STAT 39000: Project 11 — Spring 2022

Motivation: Machine learning and AI are huge buzzwords in industry, and two of the most popular tools surrounding said topics are the pytorch and tensorflow libraries — JAX is another tool by Google growing in popularity. These tools are libraries used to build and use complex models. If available, they can take advantage of GPUs to speed up parallelizable code by a hundred or even thousand fold.

Context: This is the third of a series of 4 projects focused on using pytorch and JAX to solve numeric problems.

Scope: Python, JAX

Learning Objectives
  • Compare and contrast pytorch and JAX.

  • Differentiate functions using JAX.

  • Understand what "JIT" is and why it is useful.

  • Understand when a value or operation should be static vs. traced.

  • Vectorize functions using the vmap function from JAX.

  • How do random number generators work in JAX?

Make sure to read about, and use the template found here, and the important information about projects submissions here.

Dataset(s)

The following questions will use the following dataset(s):

  • /depot/datamine/data/sim/train.csv

Questions

Question 1

JAX is a library for high performance computing. It falls into the same category as other popular packages like: numpy, pytorch, and tensorflow. JAX is a product of Google / Deepmind that takes a completely different approach than their other product, tensorflow.

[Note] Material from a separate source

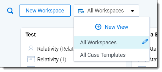 Clicking into the Views menu to the right of the New Workspace button lets you access the Relativity workspace views that you have access to within your local instance. You can also create a new viewusing standard Relativity Views functionality.

Like the the other popular libraries, JAX can utilize GPUs/TPUs to greatly speed up computation. Let’s take a look.

Here is a snippet of code from previous projects that uses pytorch and calculates predictions 10000 times.

Of course, this is the same calculation since our betas aren’t being updated yet, but just bear with me.

import pandas as pd
import torch
import jax
import jax.numpy as jnp

dat = pd.read_csv("/depot/datamine/data/sim/train.csv")
%%time

x_train = torch.tensor(dat['x'].to_numpy())
y_train = torch.tensor(dat['y'].to_numpy())

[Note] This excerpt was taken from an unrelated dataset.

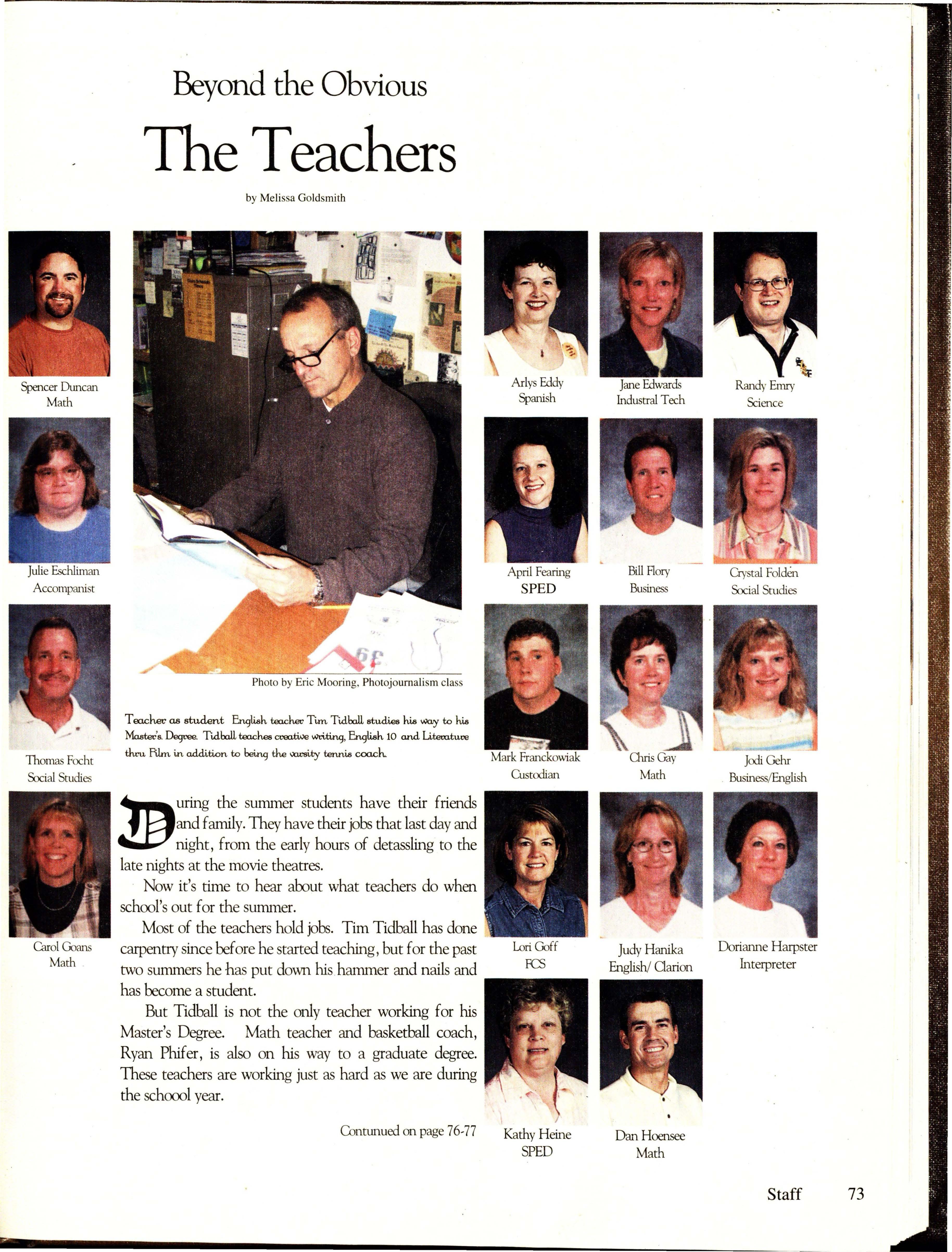 Lastly, the teachers inspired students to be persistent and creative in achieving their goals. Senior Jessica Hebbard commented that, "Some teachers may be a little strange or act a little weird at times, but that is just one of the qualities they use to help us learn and expand our minds, in order to think outside of the box."

beta0 = torch.tensor(5, requires_grad=True, dtype=torch.float)
beta1 = torch.tensor(4, requires_grad=True, dtype=torch.float)
beta2 = torch.tensor(3, requires_grad=True, dtype=torch.float)

num_epochs = 10000

for idx in range(num_epochs):

    y_predictions = beta0 + beta1*x_train + beta2*x_train**2

Approximately how much time does it take to run this second chunk of code (after we have already read in our data)?

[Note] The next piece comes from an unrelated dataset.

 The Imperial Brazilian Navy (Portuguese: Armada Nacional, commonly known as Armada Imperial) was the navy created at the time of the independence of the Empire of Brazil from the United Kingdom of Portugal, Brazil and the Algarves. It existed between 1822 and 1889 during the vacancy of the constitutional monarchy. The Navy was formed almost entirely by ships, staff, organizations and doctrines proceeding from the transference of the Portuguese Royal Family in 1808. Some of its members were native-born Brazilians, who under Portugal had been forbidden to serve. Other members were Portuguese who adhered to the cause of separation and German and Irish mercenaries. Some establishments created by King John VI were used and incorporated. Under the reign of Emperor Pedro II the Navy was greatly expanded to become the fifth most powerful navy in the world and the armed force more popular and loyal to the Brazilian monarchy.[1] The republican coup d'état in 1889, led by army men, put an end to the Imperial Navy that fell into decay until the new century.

Here is the equivalent JAX code:

%%time

x_train = jnp.array(dat['x'].to_numpy())
y_train = jnp.array(dat['y'].to_numpy())

beta0 = 5
beta1 = 4
beta2 = 3

num_epochs = 10000

for idx in range(num_epochs):

    y_predictions = beta0 + beta1*x_train + beta2*x_train**2

How much time does this take?

At this point in time you may be questioning how JAX could possibly be worth it. At first glance, the new code does look a bit cleaner, but not clean enough to use code that is around 3 times slower.

This is where JAX first trick, or transformation comes in to play. When we refer to transformation, think of it as an operation on some function that produces another function as an output.

The first transformation we will talk about is jax.jit. "JIT" stands for "Just In Time" and refers to a "Just in time" compiler. Essentially, just in time compilation is a trick that can be used to greatly speed up the execution of some code by compiling the code. In a nutshell, the compiled version of the code has a wide variety of optimizations that speed your code up.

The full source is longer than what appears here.